**Requirement:** Only the lines below from the one containing "Leaves and female flowers." through the one containing "fuss is about" belong in the answer, set down exactly, with the pictures left out.

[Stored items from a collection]
******

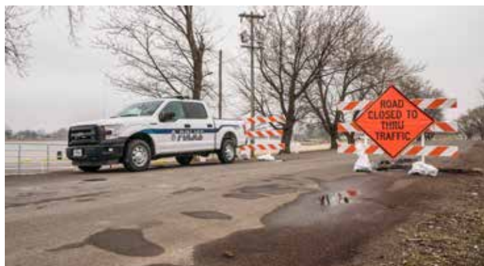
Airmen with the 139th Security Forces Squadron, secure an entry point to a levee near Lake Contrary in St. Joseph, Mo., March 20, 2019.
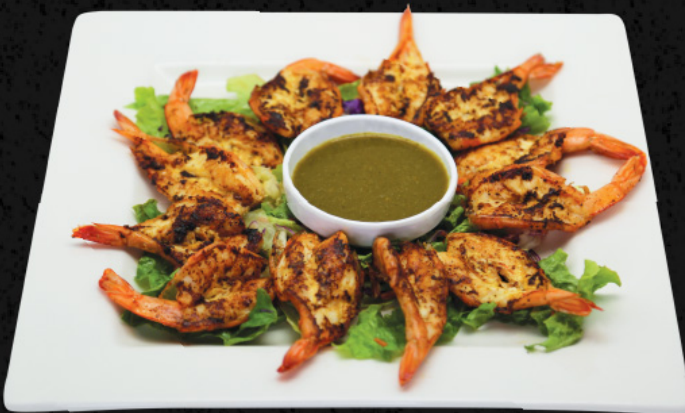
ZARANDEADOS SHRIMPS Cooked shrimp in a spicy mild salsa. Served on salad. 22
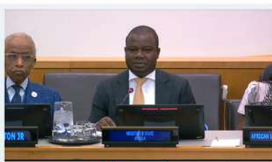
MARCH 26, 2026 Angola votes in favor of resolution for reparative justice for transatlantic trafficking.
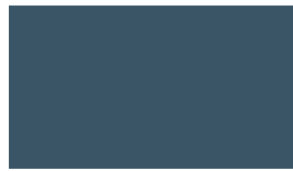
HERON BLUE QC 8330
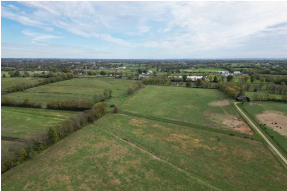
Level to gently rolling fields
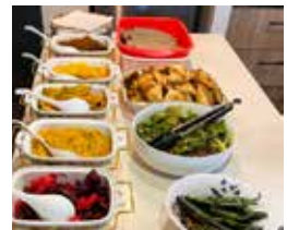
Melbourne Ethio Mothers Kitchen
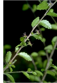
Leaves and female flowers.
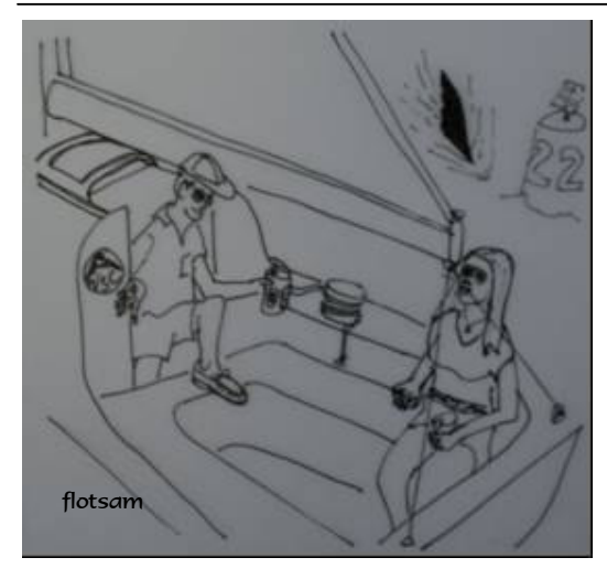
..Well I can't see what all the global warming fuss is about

******

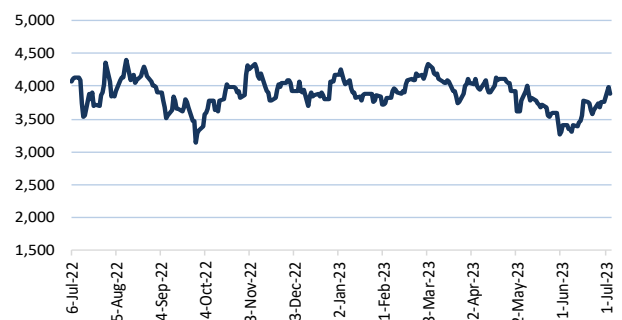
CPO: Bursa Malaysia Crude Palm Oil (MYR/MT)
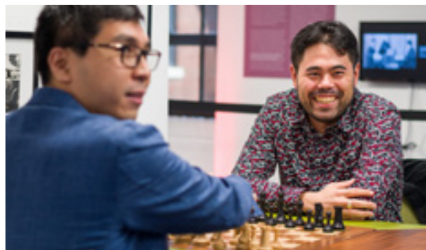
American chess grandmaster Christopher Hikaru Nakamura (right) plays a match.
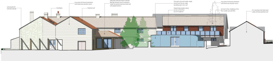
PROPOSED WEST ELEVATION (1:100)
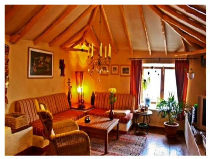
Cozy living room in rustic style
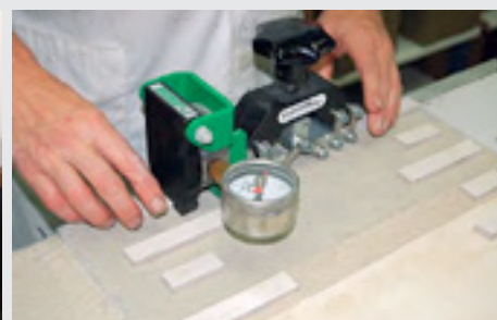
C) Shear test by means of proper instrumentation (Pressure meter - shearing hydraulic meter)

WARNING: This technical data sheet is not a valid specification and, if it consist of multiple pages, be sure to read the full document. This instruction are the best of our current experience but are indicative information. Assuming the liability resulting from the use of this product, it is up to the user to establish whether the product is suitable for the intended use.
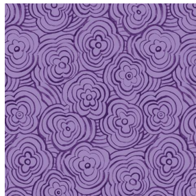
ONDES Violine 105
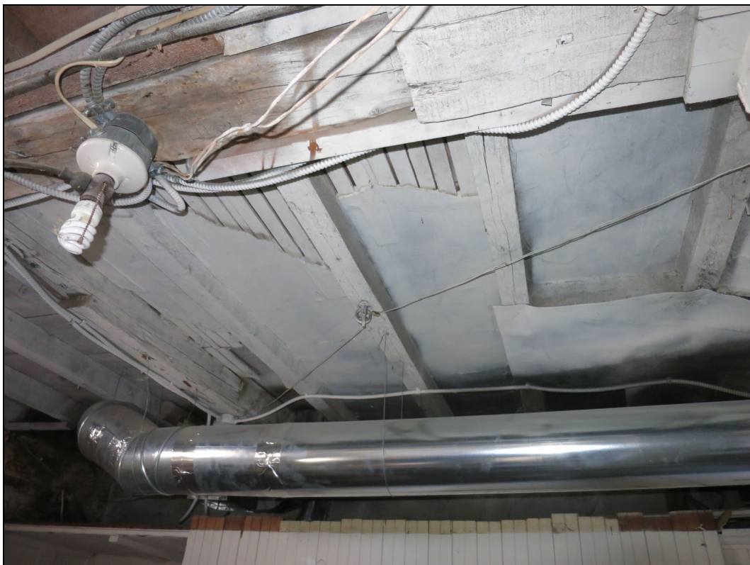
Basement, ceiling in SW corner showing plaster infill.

******

**Answer to this problem:**
Leaves and female flowers.
..Well I can't see what all the global warming fuss is about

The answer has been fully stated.